Nope, not too late at all. In 1997 I planted some on June 1st and considering that 100Âº temperature struck that week and thereafter, and that they had no irrigation at all they did just fine other than the plants being smaller than normal. Here is a photo of the row of them in bloom. http://i163.photobucket.com/albums/t298/growerguy/scan0008.jpg


----------



## Kstornado11 (Mar 17, 2006)

Oooooo nice picture ,thanks Windy! :clap:
I have 1 plant that survived May's flooding,but want more. I'll soak them for a while then plant them tonight! Thanks!


----------



## Ladyhen (Aug 28, 2004)

They should be fine. I started plants back in MARCH and put them in the ground in late April - and they are still puny. I don't think it's really been warm enough for them to do much. I may go stick a few seeds in the hill and see if they do any better.


----------



## mommagoose_99 (Jan 25, 2005)

I am transplanting melons this weekend in NY . I just started them inside last week. It was too cold outside to direct seed them. I am planting them in Thermally opaic green plastic so the soil is warm enough for them. Good Luck.
Linda


----------



## mommagoose_99 (Jan 25, 2005)

All my watermelons are in the ground and half of the cantaloupes. I have charentais, ogden , arava and a tiny melon called tasty bites and a big melon called Ambrosia which I do not usually grow because it doesn't have much desease tolerance but tastes sooo good. Watermelons are Sugar Baby, Yellow Doll, Lantha, and Orchid. You probably noticed that they are all 85 days or less. 
Linda


----------



## Callieslamb (Feb 27, 2007)

After they set fruit - maybe 2 to a vine, cut the vines back to 2-4 leaves beyond the second fruit. This will help convince the plant to concentrate on those melons and hasten their ripening rather than continued vine growth and setting fruits they can have no hope to ripen ( though we love them for trying). I let each of my plants put out 4-6 vines. After pruning, the plant may attempt to put out side shoots off the vines - convince it that isn't a good thing.


----------



## JMD_KS (Nov 20, 2007)

Callieslamb said:


> After they set fruit - maybe 2 to a vine, cut the vines back to 2-4 leaves beyond the second fruit. This will help convince the plant to concentrate on those melons and hasten their ripening rather than continued vine growth and setting fruits they can have no hope to ripen ( though we love them for trying). I let each of my plants put out 4-6 vines. After pruning, the plant may attempt to put out side shoots off the vines - convince it that isn't a good thing.
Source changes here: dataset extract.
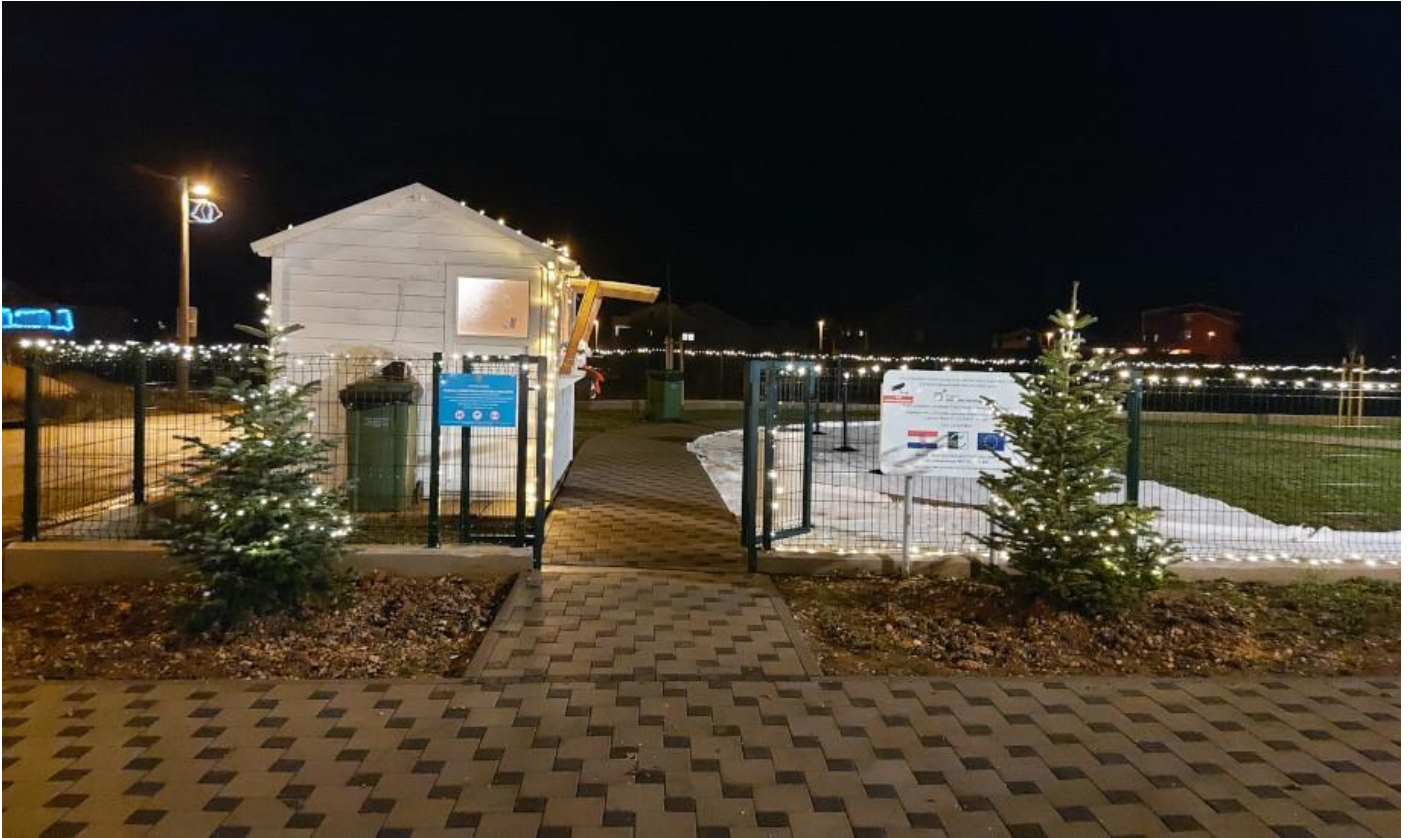
Zeleni park Dicmo

Thanks,I wonder does this also apply to pumpkins & other squash vines?


----------



## ChristieAcres (Apr 11, 2009)

If you are growing "heat-loving" veggies/fruit, and your weather isn't warm enough, especially at night? I use Qt Canning Jars over them, to give them a head-start. Just to see the difference, some weren't covered, and I saw the covered ones grew twice as fast! I M P O R T A N T - Always remove glass jars if your weather suddenly gets hot! Otherwise, they get baked. Here in the PNW where the weather can go from 90s to 60s overnight... Right now, we are in a "cool spell," and that is great for some of my garden while the heat-loving types are just waiting to hit that growth jump...


----------



## Randy Rooster (Dec 14, 2004)

The main problem I have with late curcurbits is pickle worms invading them. The later in the season the more worms there are- when it gets to August here its about impossible to keep them out of stuff.


----------



## Kstornado11 (Mar 17, 2006)

What are some good kinds of melons to grow in Kansas? I was also wondering how they might do in a container --
I have some old rubbermaid tubs I used as chick brooders,was wondering if I bought a smaller variety if they might do well in those,w/ some sort of trellis?


----------